I've found a fabulously expensive jacket to be a bit of a revelation. I have the Showers Pass Elite 2.0. I suffered with Gore-tex for a while, but the eVent material tests enough better that I decided to roll the dice again, and the Elite jacket has some big honkin' armpit zippers, which are a big help even with the better fabric - my gore-tex jacket was a plain shell, meant to be packable, but it felt like wearing a garbage bag.


----------



## JCavilia (Sep 12, 2005)

Personally, I only wear legwarmers if it might get warm enough so I'd want to take them off. Otherwise, tights over the shorts make more sense. Since I ride in a variety of temperatures, I have both, and I have tights in several different weights.

As for the top, the layers you suggest are fine, but for versatility you also need an outer shell. A thin shell adds tremendous protection with minimal weight and bulk, and can be opened or even removed if you warm up. 

Don't forget long-fingered gloves. A helmet cover to block the vents, and a lightweight balaclava for the head and neck are a big help, too.

If 40F is really your limit, your season in NYC is nearly over already.


----------



## BostonG (Apr 13, 2010)

R3? Carbon pedals? Geez bro, when you pull the trigger, you really pull the trigger. Congrats on the shiny new ride. You should post a pic.
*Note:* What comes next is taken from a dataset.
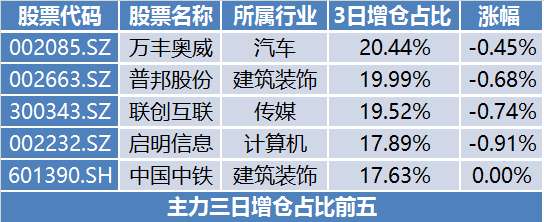 今日主力三日增仓排名中排名靠前的股票,剔除了近2月上市新股后,从主力近三日的资金流向上来看,万丰奥威(002085.SZ)三日增仓占比第一,今日3日增仓占比为20.44%,3日增仓占比变化最大;从所属行业情况看,主力偏好建筑装饰行业。

Do your start your rides in the morning? Because if yes, it’s typically cold in the am and heats up after an hr or two – especially in the Fall. So if you go out in the am and stay out for a while, I’d be looking towards warmers. 

But also consider that a jacket with wind protection is really nice to have and (for me) is essential and you don’t need a fancy one either and some have removable sleeves. There’s a big difference between a 40 degree day with very light wind and a 40 degree day with a 20mph wind.


----------



## boogermin (Aug 30, 2012)

Yeah, I'm of the mindset that if I do something, i do it "right". I know this bike is more bike than I need, but at least I can "grow into" the bike. I'll post pics when I pick it up at the LBS next weekend. It's just been sitting there for the past 3 weeks due to traveling for work. Frustrating. Looking forward to the ride home.

Thanks for the feedback about cold-weather gear. Gonna have to buy gear so I can ride down to the mid 30's since my 40 degree floor won't be around for much longer. I guess I'll have to add a jacket into the mix. Thanks again.


----------



## Newnan3 (Jul 8, 2011)

A wind blocking vest is the most versatile piece of kit you can buy....


----------



## jfd986 (Jul 17, 2011)

Alright booger, you and I are both new to road biking so I guess we'll have to see who gets to 5000 miles first 

Cold-weather riding for me is outlined in Celsius, so you'll have to do the conversions. I do running tights over cycling shorts, base layer top and jersey from 14 or 15 degrees C down to about 9 C, then I put a thin, supposedly thermal base layer underneath the shorts, then tights over that and + microfleece on top.

6 C down to zero, I ditch the micro fleece and do a PVC soft shell, everything else staying the same. I should mention that , from 15 C down to 3 C I'm wearing full-fingered North Face liner gloves. Below 3 C I put these on over them: 

Mark's - WindRiver Cowhide Leather Glove customer reviews - product reviews - read top consumer ratings

Below 7 C I wear neoprene boots instead of socks, and below 3 C I wear socks, THEN the neoprene boots, and then the shoes.

Since you already tricked out your new bike with the pedals and cycling shoes, you may or may not be able to fit all that onto your foot, but I cheaped out and bought the toe cages so that my "Cycling shoes" could be held in place on the pedals (I didn't find a picture of them, but they kinda look like this REEBOK VISA VERSA MENS TRAINERS - GREGGS SPORTS )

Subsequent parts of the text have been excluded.